* **Data**
#####
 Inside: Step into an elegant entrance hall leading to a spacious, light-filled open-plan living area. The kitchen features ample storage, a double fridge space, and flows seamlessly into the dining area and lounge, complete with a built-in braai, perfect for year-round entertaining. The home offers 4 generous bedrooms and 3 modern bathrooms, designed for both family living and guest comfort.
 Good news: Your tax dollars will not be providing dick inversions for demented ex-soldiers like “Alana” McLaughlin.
#####
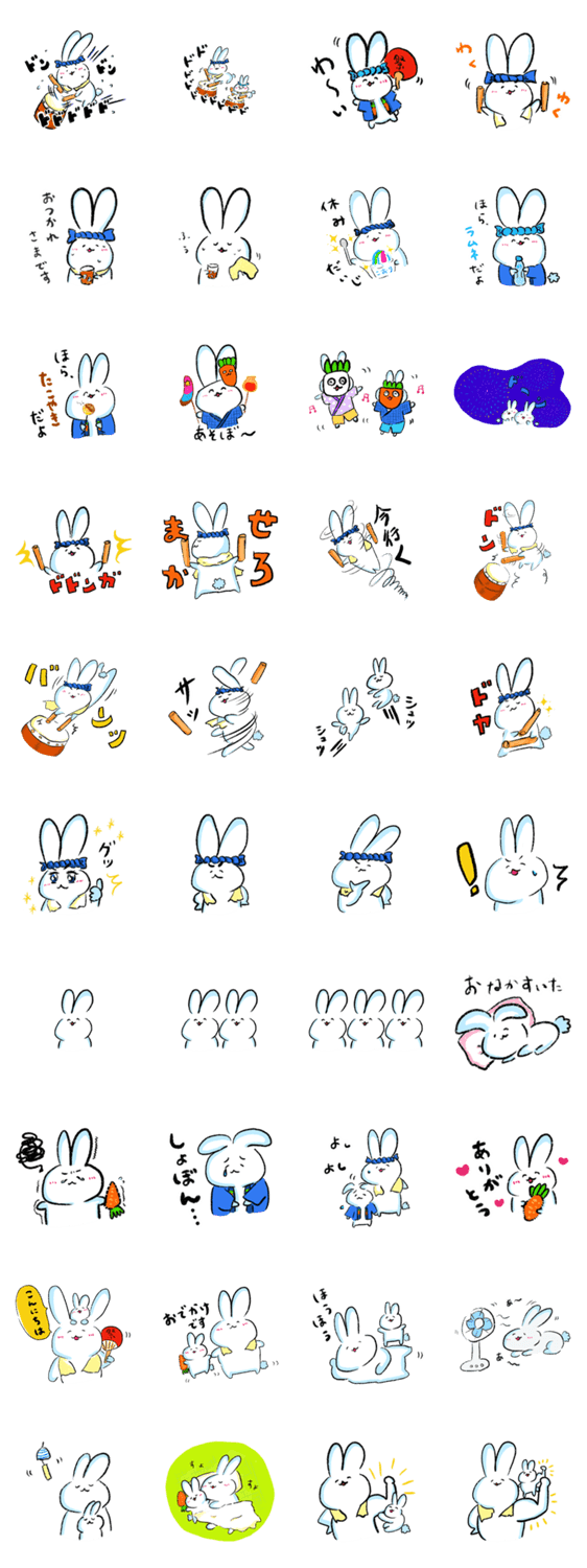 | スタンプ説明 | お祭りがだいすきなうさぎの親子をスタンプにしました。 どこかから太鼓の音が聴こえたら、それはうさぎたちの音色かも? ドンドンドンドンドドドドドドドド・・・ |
#####
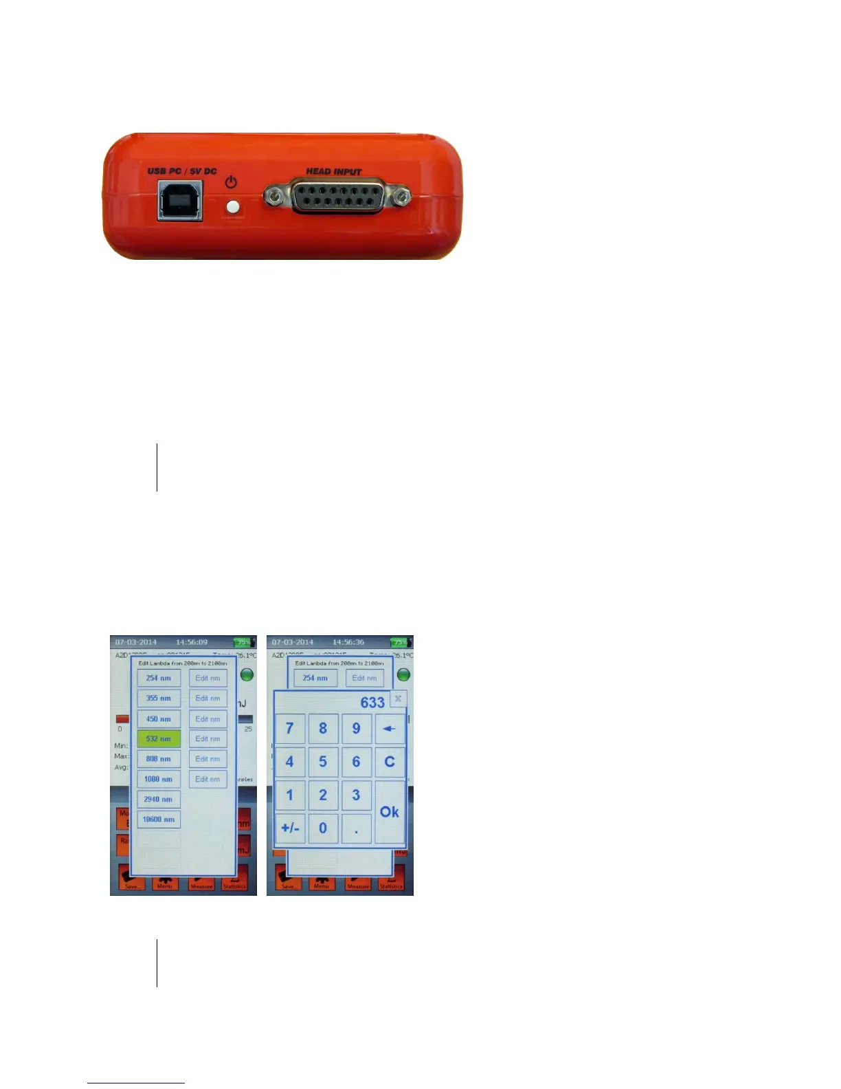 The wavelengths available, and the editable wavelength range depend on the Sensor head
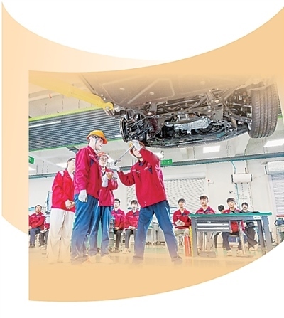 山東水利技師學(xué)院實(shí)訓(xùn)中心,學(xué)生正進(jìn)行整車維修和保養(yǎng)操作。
#####
* **Instructions to follow**
Using the data above, output the line that has "The wavelengths available, and", the line that has "山東水利技師學(xué)院實", and whatever lines fall between, each exactly as it stands and without pictures.

* **Written solution**
 The wavelengths available, and the editable wavelength range depend on the Sensor head
 山東水利技師學(xué)院實(shí)訓(xùn)中心,學(xué)生正進(jìn)行整車維修和保養(yǎng)操作。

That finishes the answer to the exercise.